In Snow On Her Lips, Sebastián Rivas costruisce un'esperienza artistica che funziona come un prototipo sperimentale aperto in cui voce, suono e immagine non si completano in una totalità chiusa, ma rivelano la propria operatività. L'opera non mira a raggiungere una narrazione né un senso pieno; il suo centro sembra risiedere nella messa in scena stessa – nella possibilità di rendere visibile l'azione artistica in corso – dove ogni elemento può ricomporsi e trasformarsi a sua volta.

Sarà l'Ofelia di Heiner Müller ad abitare l'opera, presentandosi con un volto glitcheato2 immerso in una profonda oscurità, accompagnata da una voce extraterritoriale che recita frammenti, ritagli di suoni in una disarticolazione scenica con un corpo che sembra sforzarsi strenuamente di parlare. In questa discordanza, comincerà a delinearsi la complessa amalgama di rappresentazioni che quel corpo di donna accoglie.
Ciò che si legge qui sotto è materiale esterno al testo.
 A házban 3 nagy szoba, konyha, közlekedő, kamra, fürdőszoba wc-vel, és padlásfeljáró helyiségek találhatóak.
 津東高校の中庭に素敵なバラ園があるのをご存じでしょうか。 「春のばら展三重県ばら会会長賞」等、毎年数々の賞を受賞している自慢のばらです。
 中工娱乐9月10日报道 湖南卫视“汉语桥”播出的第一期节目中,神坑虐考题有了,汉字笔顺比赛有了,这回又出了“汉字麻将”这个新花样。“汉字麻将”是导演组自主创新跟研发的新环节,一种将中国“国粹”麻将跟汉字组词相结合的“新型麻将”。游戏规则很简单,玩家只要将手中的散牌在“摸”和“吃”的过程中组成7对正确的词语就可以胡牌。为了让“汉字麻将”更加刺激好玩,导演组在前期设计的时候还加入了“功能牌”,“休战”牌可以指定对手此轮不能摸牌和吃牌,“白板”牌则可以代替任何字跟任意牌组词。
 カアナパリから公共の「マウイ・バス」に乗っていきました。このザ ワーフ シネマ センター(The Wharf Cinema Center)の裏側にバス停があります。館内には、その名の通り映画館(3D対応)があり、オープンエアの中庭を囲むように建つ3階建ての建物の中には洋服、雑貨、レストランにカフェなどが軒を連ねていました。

L'opera non offre alcuna coincidenza tra immagini e parole, né comunione piena tra i frammenti di corpo. Suoni, immagini e silenzi si intrecciano e si respingono, mettendo a nudo il difetto costitutivo che struttura la messa in scena. All'orizzonte, l'impossibilità non appare come un fallimento, ma elevata alla condizione stessa dell'esperienza performativa ed estetica che incarna la performer Emma Terno. Un corpo che fin dall'inizio non appare come un organismo completo, ma come l'effetto di un'assenza; Rivas ricostruisce un corpo frammentato: ogni gesto, ogni sussurro, ogni silenzio, suggerisce presenza ma nega pienezza allo stesso tempo.
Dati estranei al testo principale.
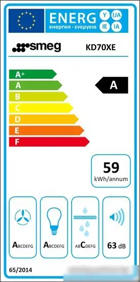 Кухонная вытяжка Smeg KD70XE выполнена в современном стиле из нержавеющей стали, подходит для установки на стену. Она оснащена поворотным переключателем для удобного управления и LED-освещением, обеспечивающим яркое и энергосберегающее освещение. Вытяжка имеет одну мощную моторную установку мощностью 275 Вт и достигает максимальной производительности отвода воздуха до 567 куб. м/ч, а в интенсивном режиме — до 788 куб. м/ч. Конструкция обеспечивает периметральное поглощение воздуха без специальной системы, жироулавливающие стальные фильтры помогают держать кухню чистой. Устройство работает с минимальным уровнем шума 50 дБ и максимальным — 63 дБ, что не мешает слушать музыку или разговаривать. Три скорости позволяют регулировать работу в зависимости от необходимости, а автоматическое отключение отсутствует. Вытяжка включает два металлических фильтра, легко снимающихся для очистки, и энергоэффективна с расходом всего 59 кВт•ч в год. Ее размеры — ширина 70 см, глубина 55,5 см, высота до 80 см (может увеличиваться до 123 см). Общий дизайн отлично впишется в современную кухню, обеспечивая эффективную вентиляцию и хорошее освещение.
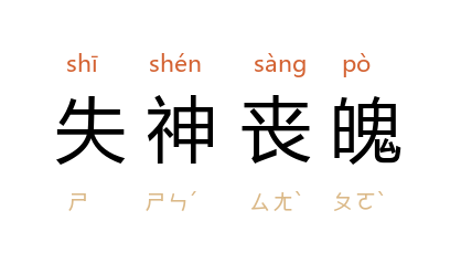 失:丧失;魄:人的精神灵气。形容心神不宁或惊慌之极
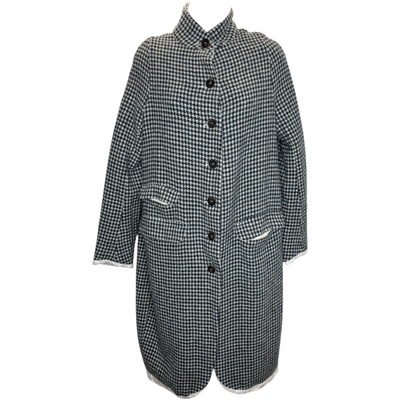 Hannoh Wessel Carine Coat. Long sleeves. Stand collar. Front button closure. Flap pockets. Navy houndstoot. Cotton lining. Pinstripe trim. Ankle length. Harris tweed. Wool. Size small. In excellent pre-owned condition, no flaws. B38", L40".
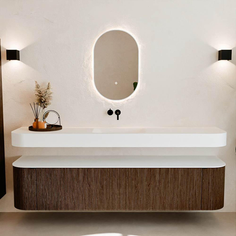 Boven het meubel zweeft een bijpassende, vrij hangende wastafel met afgeronde hoeken – perfect afgestemd op de vorm van de kast. De wastafel is uitgevoerd in Solid Surface en volgt subtiel de lijnen van het onderliggende meubel, waardoor een harmonieus geheel ontstaat. Het Solid Surface topblad vormt een sterke, onderhoudsvriendelijke basis en maakt de combinatie compleet.
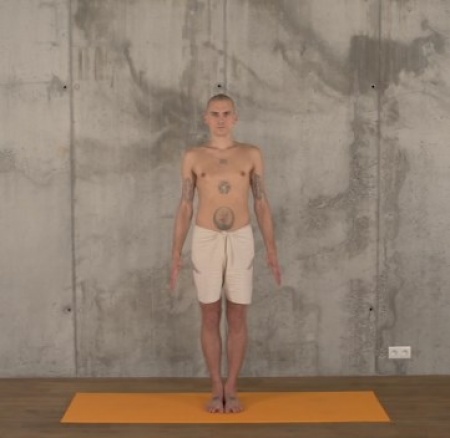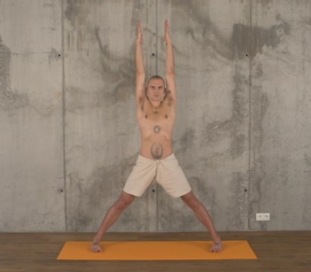 z wdechem podnieś się do góry,stopy do centrum - Utthita hasta padasana,
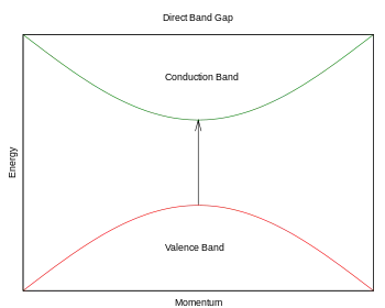 In semiconductor physics, the band gap of a semiconductor can be of two basic types, a direct band gap or an indirect band gap. The minimal-energy state in the conduction band and the maximal-energy state in the valence band are each characterized by a certain crystal momentum (k-vector) in the Brillouin zone. If the k-vectors are different, the material has an "indirect gap". The band gap is called "direct" if the crystal momentum of electrons and holes is the same in both the conduction band and the valence band; an electron can directly emit a photon. In an "indirect" gap, a photon cannot be emitted because the electron must pass through an intermediate state and transfer momentum to the crystal lattice.

Snow On Her Lips non volge a una chiusura narrativa tanto meno a promesse di armonia, si presenta una scommessa artistica incompleta e dinamica, che risuona nel corpo. Trasforma il vuoto in materia sensoriale, ritmo e trama, mostrando come il vuoto stesso possa fungere da nucleo creativo. Non si tratta della restituzione di una totalità, ma di una superficie di invenzione. Un corpo come risposta singolare, superficie di iscrizione e artificio possibile di fronte all'impossibilità strutturale che potenzia l'esperienza estetica.

[1] S. Rivas, Snow On Her Lips, disponibile al seguente indirizzo: https://youtu.be/BVKdEvoWh6U?si=LmWhHr2uTK9kwtqV

[2] Tecnica di distorsione digitale che imita difetti o malfunzionamenti nelle immagini e nelle riproduzioni video, come distorsioni o rumore statico.